Your copy runs from the line containing "Oyuncu Pelin Karahan" through the last line of the listing, both included. Restate those lines word for word and leave out pictures.

(Beginning of Exercise data)

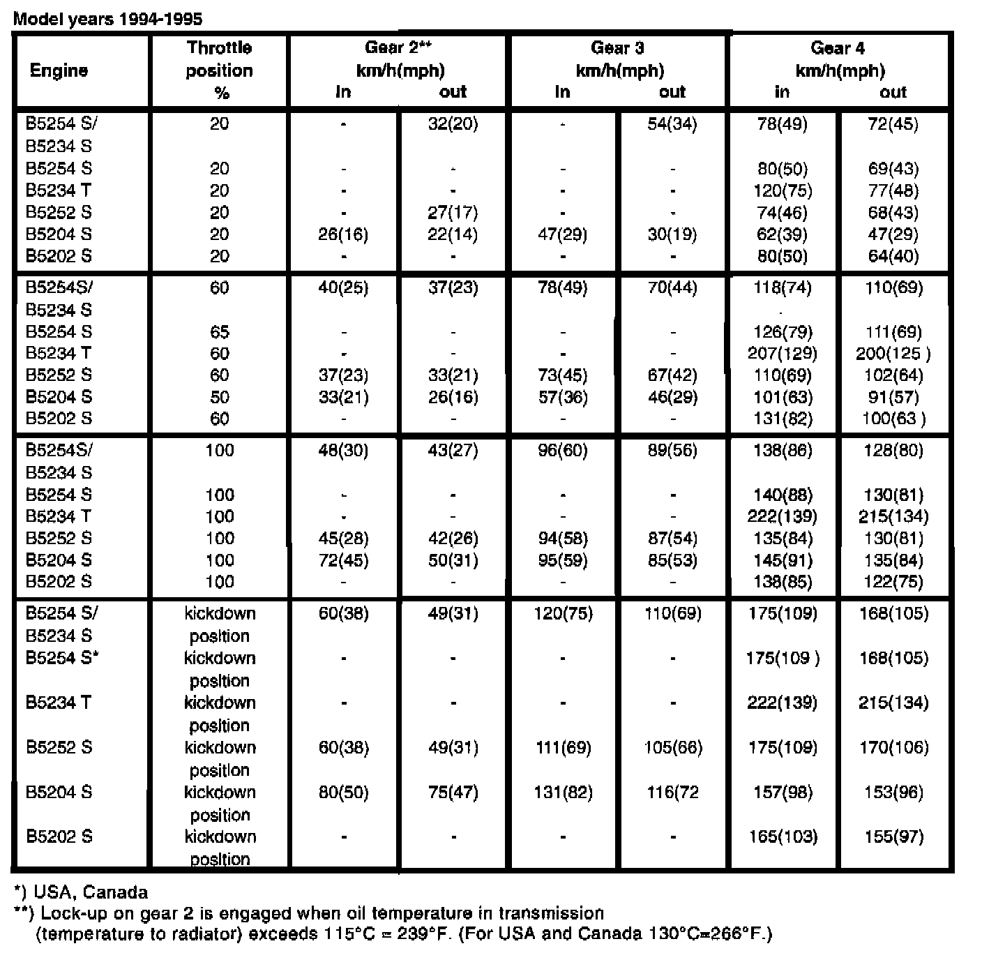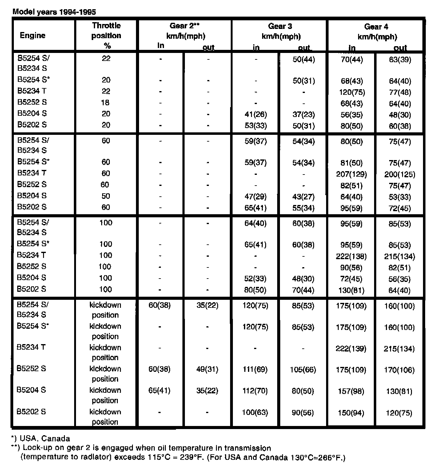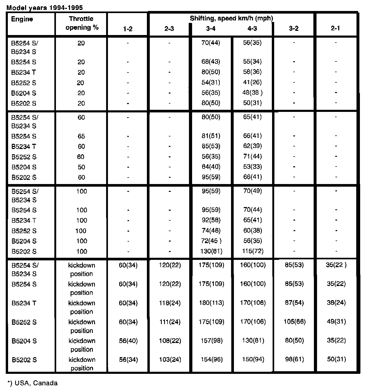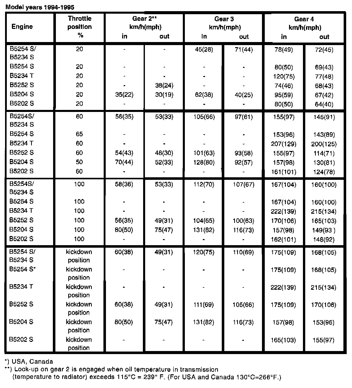 The AW 50-42 automatic transmission is equipped with a 'mode selector" with three different driving modes: Economy, Sport and Winter. Depending on the selected mode, shift speeds are determined and mechanical lock-up engaged at different speeds. Below are the shift speeds for the three driving modes together with the engine types and model years at selected throttle openings. Set gearshift selector to position D. When test driving, the speeds in the tables should be used as a guide since it is not possible to take an exact reading of speed and throttle position during actual driving.
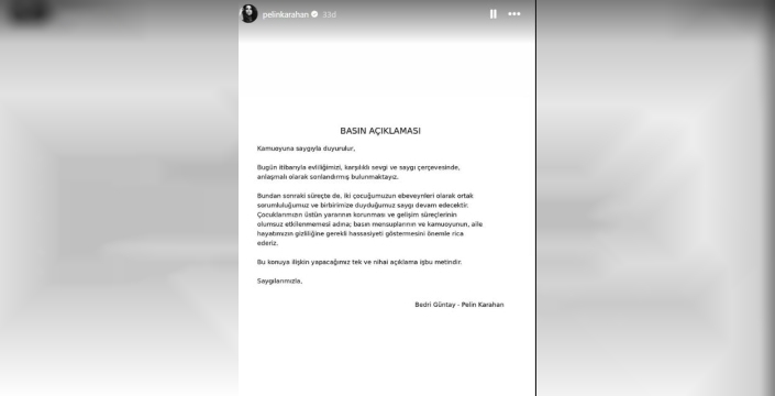 Oyuncu Pelin Karahan ve iş insanı Bedri Güntay, 12 yıllık evliliklerini karşılıklı sevgi ve saygı çerçevesinde anlaşmalı olarak sonlandırdı. Çift, çocuklarının üstün yararının korunması adına gizlilik talebinde bulundu.
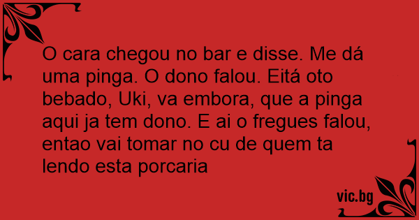 O cara chegou no bar e disse. Me dá uma pinga. O dono falou. Eitá oto bebado, Uki, va embora, que a pinga aqui ja tem dono. E ai o fregues falou, entao vai tomar no cu de quem ta lendo esta porcaria

(End of Exercise data)

*Exercise solution:*
 Oyuncu Pelin Karahan ve iş insanı Bedri Güntay, 12 yıllık evliliklerini karşılıklı sevgi ve saygı çerçevesinde anlaşmalı olarak sonlandırdı. Çift, çocuklarının üstün yararının korunması adına gizlilik talebinde bulundu.
 O cara chegou no bar e disse. Me dá uma pinga. O dono falou. Eitá oto bebado, Uki, va embora, que a pinga aqui ja tem dono. E ai o fregues falou, entao vai tomar no cu de quem ta lendo esta porcaria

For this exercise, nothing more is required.